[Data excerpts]
━━━━━━━━━━━━━━━━
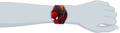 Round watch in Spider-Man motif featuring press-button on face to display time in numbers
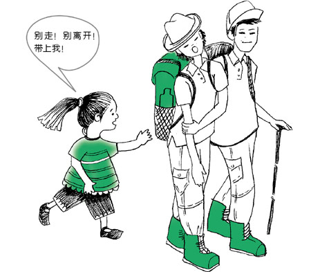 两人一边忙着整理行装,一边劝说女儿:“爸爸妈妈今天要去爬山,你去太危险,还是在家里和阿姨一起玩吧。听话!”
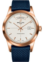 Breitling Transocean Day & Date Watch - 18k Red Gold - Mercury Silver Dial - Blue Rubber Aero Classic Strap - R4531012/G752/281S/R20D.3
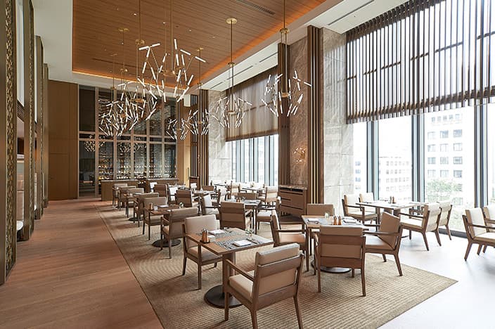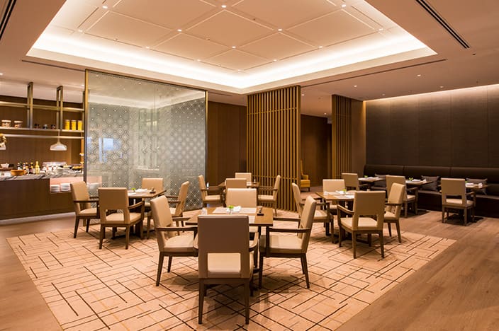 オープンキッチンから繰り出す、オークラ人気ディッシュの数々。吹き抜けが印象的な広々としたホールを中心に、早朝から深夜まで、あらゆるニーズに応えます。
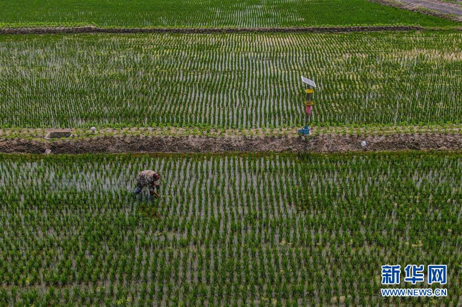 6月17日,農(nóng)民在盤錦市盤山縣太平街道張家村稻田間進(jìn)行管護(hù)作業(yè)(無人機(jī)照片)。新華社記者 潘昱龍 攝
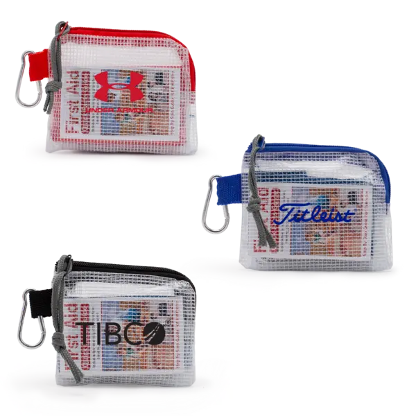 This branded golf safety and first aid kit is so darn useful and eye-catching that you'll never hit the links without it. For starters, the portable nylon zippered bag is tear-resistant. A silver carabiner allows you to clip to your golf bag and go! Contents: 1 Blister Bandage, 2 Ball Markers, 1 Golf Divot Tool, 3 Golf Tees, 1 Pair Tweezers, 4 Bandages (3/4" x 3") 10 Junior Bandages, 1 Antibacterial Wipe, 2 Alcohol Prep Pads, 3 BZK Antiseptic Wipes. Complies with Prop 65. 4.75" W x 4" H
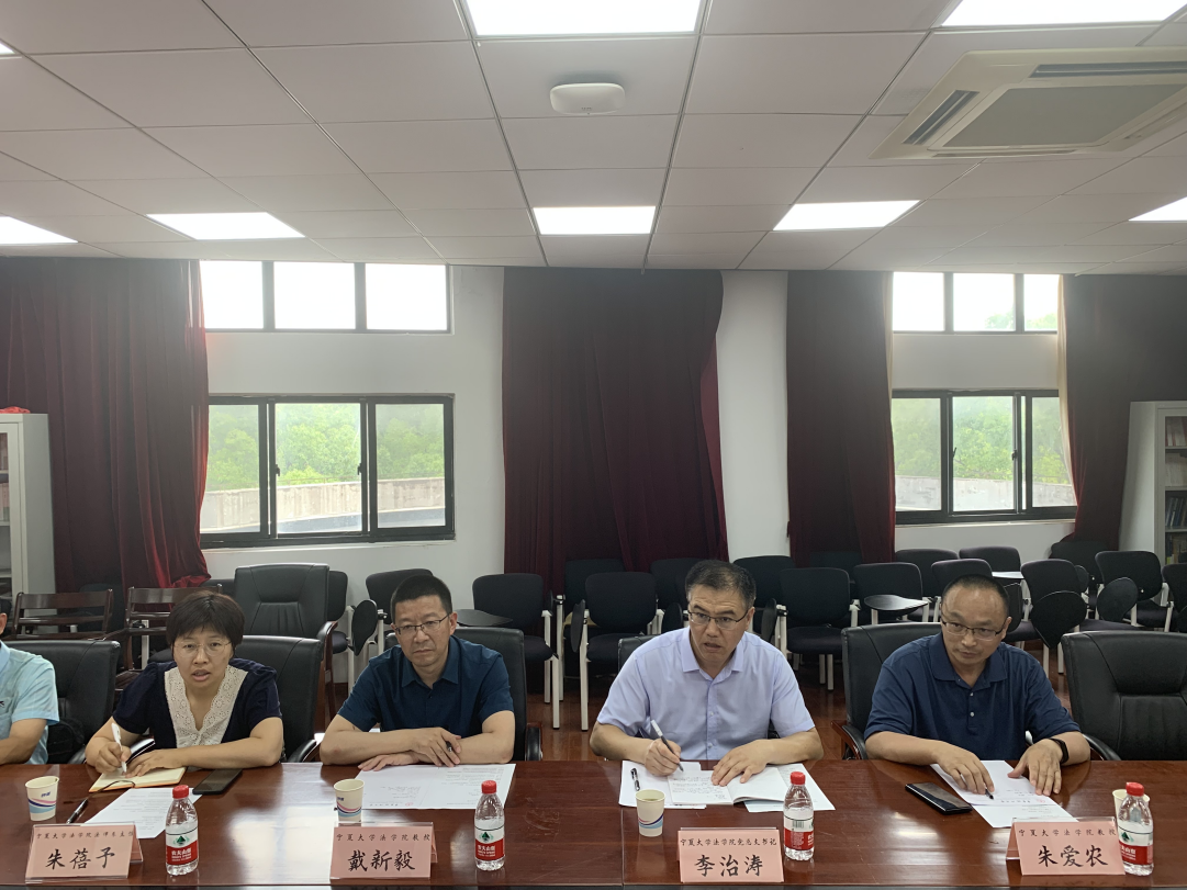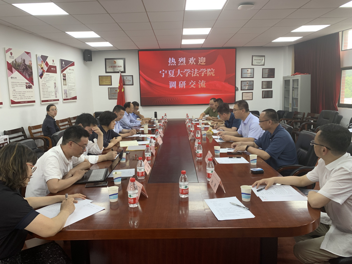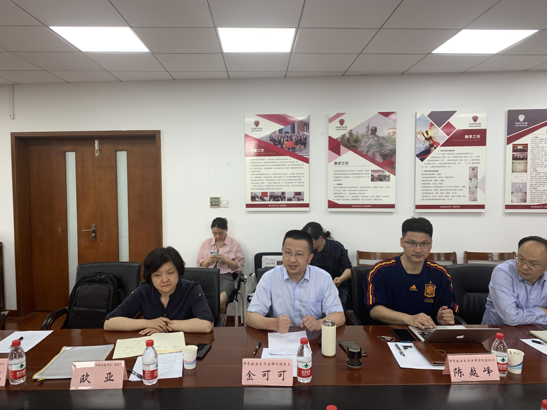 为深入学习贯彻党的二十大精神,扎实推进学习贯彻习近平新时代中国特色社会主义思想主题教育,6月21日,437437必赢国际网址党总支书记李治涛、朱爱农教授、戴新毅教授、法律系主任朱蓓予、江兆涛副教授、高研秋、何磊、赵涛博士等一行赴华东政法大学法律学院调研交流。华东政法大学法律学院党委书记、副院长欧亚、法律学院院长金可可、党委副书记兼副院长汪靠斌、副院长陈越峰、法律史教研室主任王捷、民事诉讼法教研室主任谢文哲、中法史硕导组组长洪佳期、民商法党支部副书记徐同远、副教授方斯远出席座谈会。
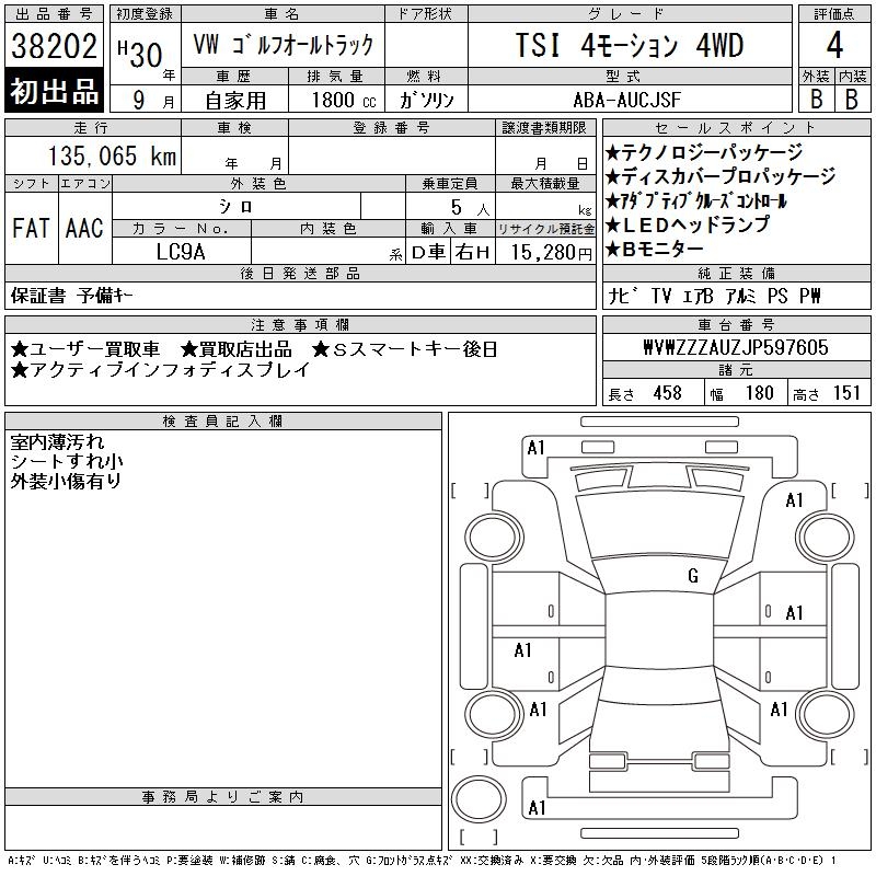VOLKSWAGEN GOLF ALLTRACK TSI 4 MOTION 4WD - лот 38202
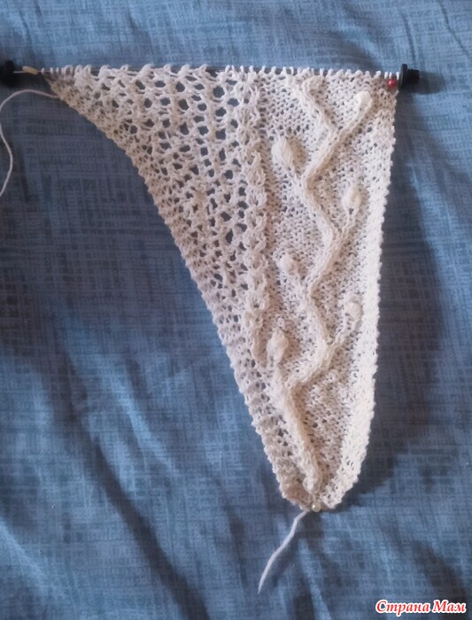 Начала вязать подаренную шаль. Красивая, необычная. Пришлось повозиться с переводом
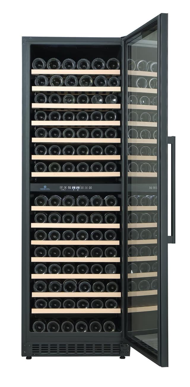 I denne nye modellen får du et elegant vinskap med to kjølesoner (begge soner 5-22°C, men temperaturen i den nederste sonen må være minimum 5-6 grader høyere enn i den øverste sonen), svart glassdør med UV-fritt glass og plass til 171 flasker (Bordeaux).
━━━━━━━━━━━━━━━━
▶ What to work on: Without any pictures, please reproduce the full set of entries.

▶ Answer area:
 Round watch in Spider-Man motif featuring press-button on face to display time in numbers
 两人一边忙着整理行装,一边劝说女儿:“爸爸妈妈今天要去爬山,你去太危险,还是在家里和阿姨一起玩吧。听话!”
 Breitling Transocean Day & Date Watch - 18k Red Gold - Mercury Silver Dial - Blue Rubber Aero Classic Strap - R4531012/G752/281S/R20D.3
 オープンキッチンから繰り出す、オークラ人気ディッシュの数々。吹き抜けが印象的な広々としたホールを中心に、早朝から深夜まで、あらゆるニーズに応えます。
 6月17日,農(nóng)民在盤錦市盤山縣太平街道張家村稻田間進(jìn)行管護(hù)作業(yè)(無人機(jī)照片)。新華社記者 潘昱龍 攝
 This branded golf safety and first aid kit is so darn useful and eye-catching that you'll never hit the links without it. For starters, the portable nylon zippered bag is tear-resistant. A silver carabiner allows you to clip to your golf bag and go! Contents: 1 Blister Bandage, 2 Ball Markers, 1 Golf Divot Tool, 3 Golf Tees, 1 Pair Tweezers, 4 Bandages (3/4" x 3") 10 Junior Bandages, 1 Antibacterial Wipe, 2 Alcohol Prep Pads, 3 BZK Antiseptic Wipes. Complies with Prop 65. 4.75" W x 4" H
 为深入学习贯彻党的二十大精神,扎实推进学习贯彻习近平新时代中国特色社会主义思想主题教育,6月21日,437437必赢国际网址党总支书记李治涛、朱爱农教授、戴新毅教授、法律系主任朱蓓予、江兆涛副教授、高研秋、何磊、赵涛博士等一行赴华东政法大学法律学院调研交流。华东政法大学法律学院党委书记、副院长欧亚、法律学院院长金可可、党委副书记兼副院长汪靠斌、副院长陈越峰、法律史教研室主任王捷、民事诉讼法教研室主任谢文哲、中法史硕导组组长洪佳期、民商法党支部副书记徐同远、副教授方斯远出席座谈会。
VOLKSWAGEN GOLF ALLTRACK TSI 4 MOTION 4WD - лот 38202
 Начала вязать подаренную шаль. Красивая, необычная. Пришлось повозиться с переводом
 I denne nye modellen får du et elegant vinskap med to kjølesoner (begge soner 5-22°C, men temperaturen i den nederste sonen må være minimum 5-6 grader høyere enn i den øverste sonen), svart glassdør med UV-fritt glass og plass til 171 flasker (Bordeaux).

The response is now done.